Input data >>
=== Begin Enclosure ===
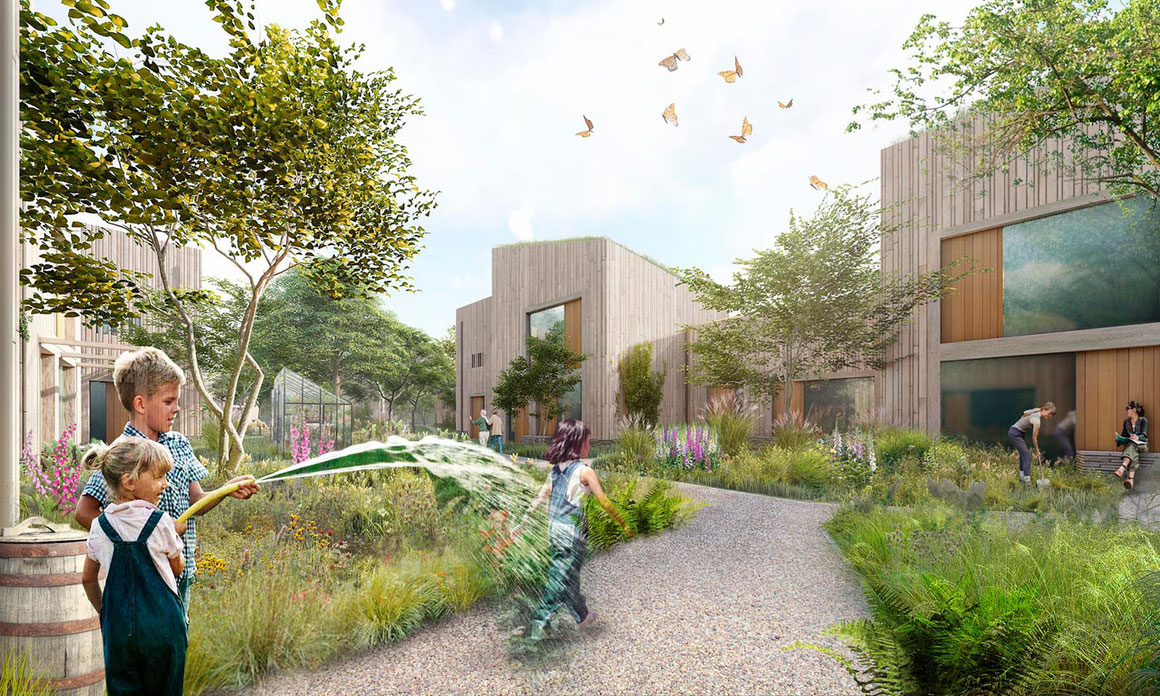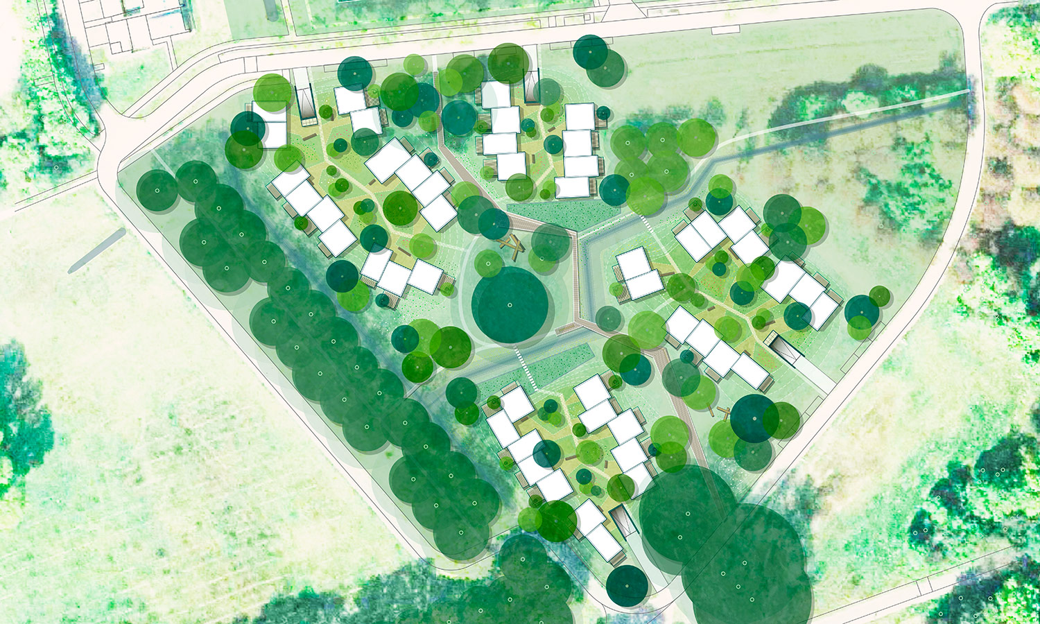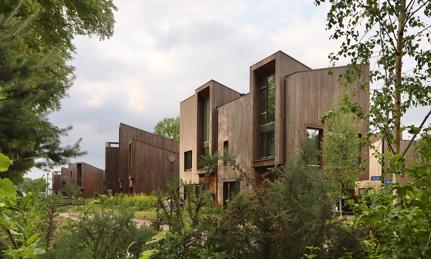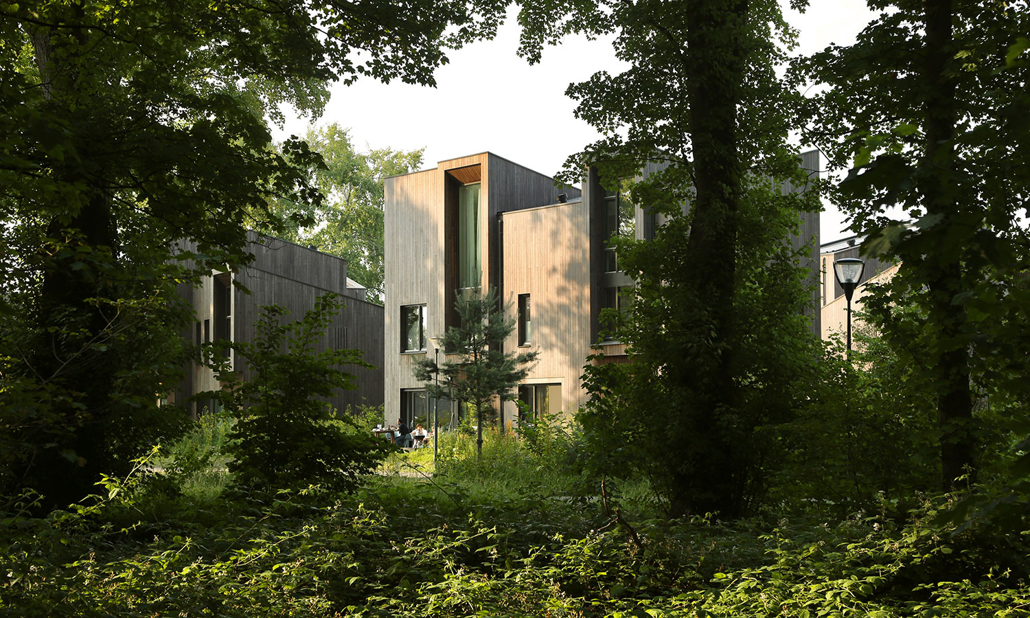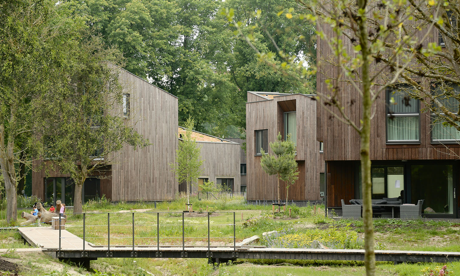 Het stedenbouwkundig ontwerp werkt een aangenaam microklimaat in de hand. Doordat de woningen afwisselende geplaatst zijn, is voorkomen dat gesloten gevels veel warmte opnemen. Het gevarieerde daklandschap voorkomt hinder van wind, en het omliggende bos zorgt voor verkoeling. De woningen zijn grotendeels gebouwd met natuurlijke en circulaire materialen. Ze hebben een herkenbare architectuur, al is elk huis net even anders doordat op subtiele wijze gevarieerd is met hoogte, oriëntatie en vorm. Gevelbankjes, een natuurspeelplaats, een buurttafel bij de waterloop en openslaande deuren zorgen dat bewoners elkaar treffen, voor een praatje, een helpende hand of een buurtbarbecue.
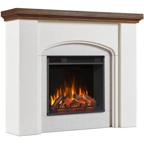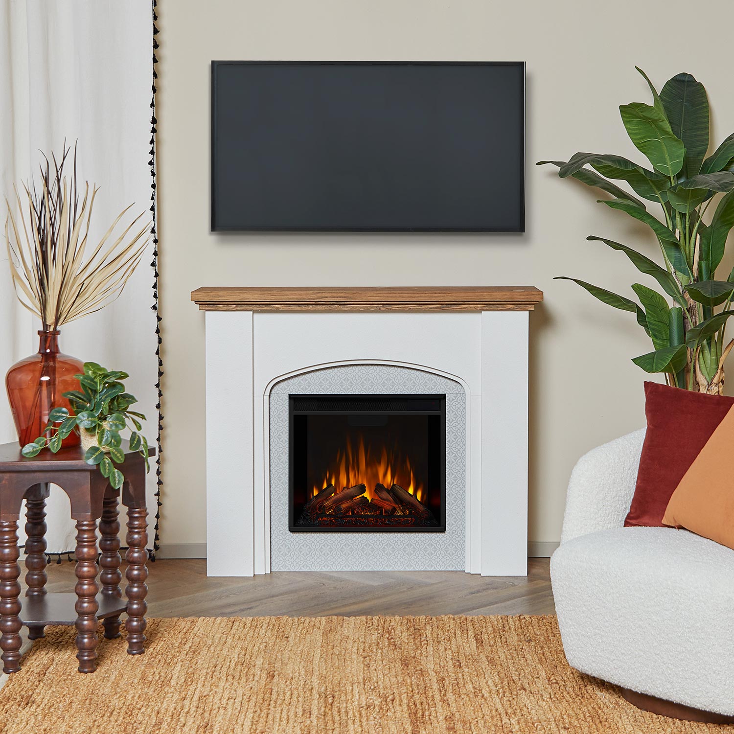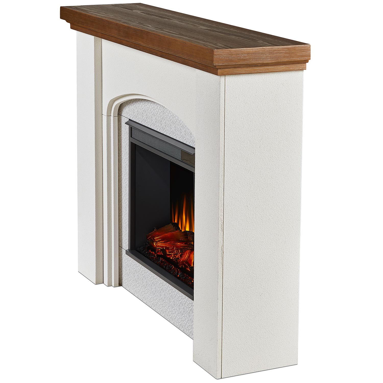Real Flame Anika 49" Electric Fireplace in White Stucco & Wood
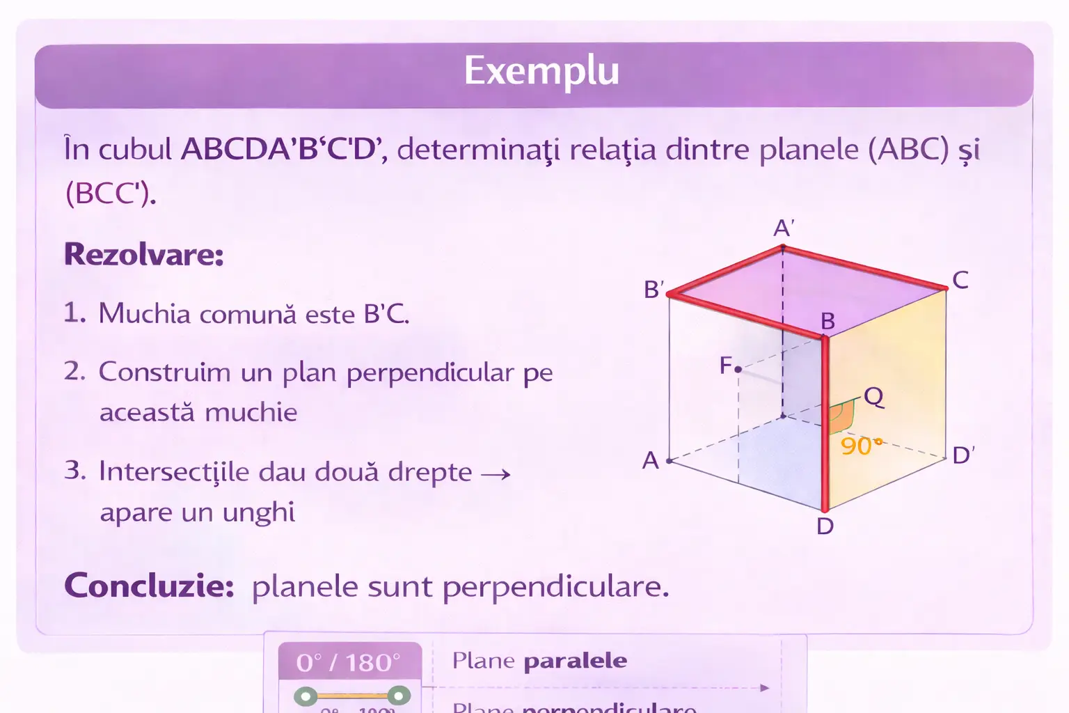 În cubul ABCDA'B'C'D', determinați relația dintre planele (ABC) și (BCC').
=== End Enclosure ===
Exercise description >>
Set the listing down verbatim, excluding pictures.

Written response >>
 Het stedenbouwkundig ontwerp werkt een aangenaam microklimaat in de hand. Doordat de woningen afwisselende geplaatst zijn, is voorkomen dat gesloten gevels veel warmte opnemen. Het gevarieerde daklandschap voorkomt hinder van wind, en het omliggende bos zorgt voor verkoeling. De woningen zijn grotendeels gebouwd met natuurlijke en circulaire materialen. Ze hebben een herkenbare architectuur, al is elk huis net even anders doordat op subtiele wijze gevarieerd is met hoogte, oriëntatie en vorm. Gevelbankjes, een natuurspeelplaats, een buurttafel bij de waterloop en openslaande deuren zorgen dat bewoners elkaar treffen, voor een praatje, een helpende hand of een buurtbarbecue.
Real Flame Anika 49" Electric Fireplace in White Stucco & Wood
 În cubul ABCDA'B'C'D', determinați relația dintre planele (ABC) și (BCC').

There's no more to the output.